Settled is the rule that points of law, theories, issues, and arguments not
adequately brought to the attention of the trial court need not be, and ordinarily
will not be, considered by a reviewing court. They cannot be raised for the first
time on appeal. To allow this would be offensive to the basic rules of fair play,
justice and due process.27
A contract of adhesion is defined as one in which one of the parties imposes a
ready-made form of contract, which the other party may accept or reject, but
which the latter cannot modify. One party prepares the stipulation in the
contract, while the other party merely affixes his signature or his "adhesion"

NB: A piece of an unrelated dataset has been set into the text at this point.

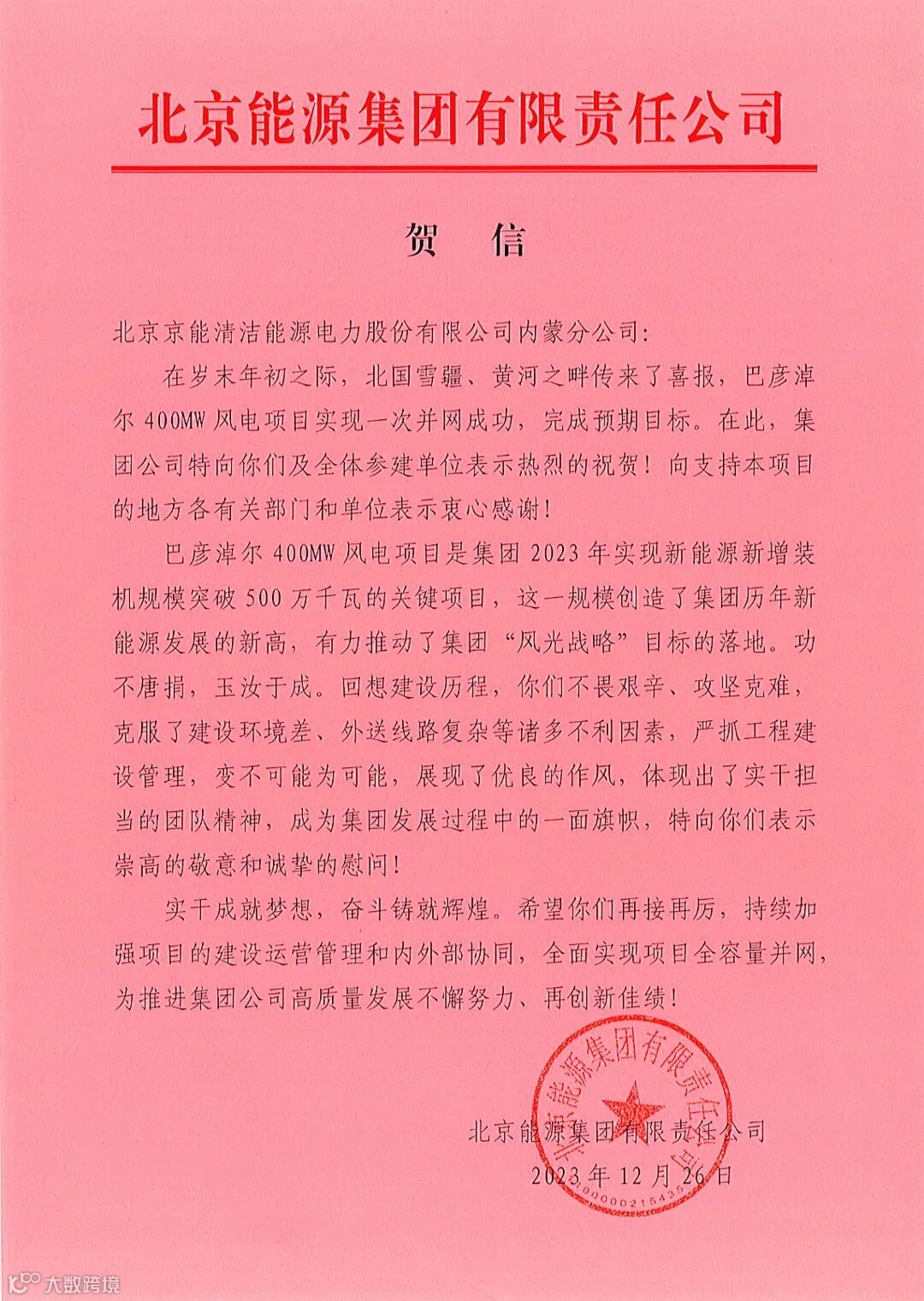 值此京能胡杨风储电站并网发电的关键时刻,集团发来贺信,向项目投产表示热烈祝贺和诚挚慰问!

thereto, giving no room for negotiation and depriving the latter of the

opportunity to bargain on equal footing.28 It must be borne in mind, however,


that contracts of adhesion are not invalid per se. Contracts of adhesion, where
one party imposes a ready-made form of contract on the other, are not entirely
prohibited. The one who adheres to the contract is, in reality, free to reject it
entirely; if he adheres, he gives his consent. 29
All told, we find no reason to disturb, much less, to reverse the assailed CA
Decision.
WHEREFORE, the instant Petition is DENIED and the assailed Court of
Appeals Decision is AFFIRMED. Costs against petitioner.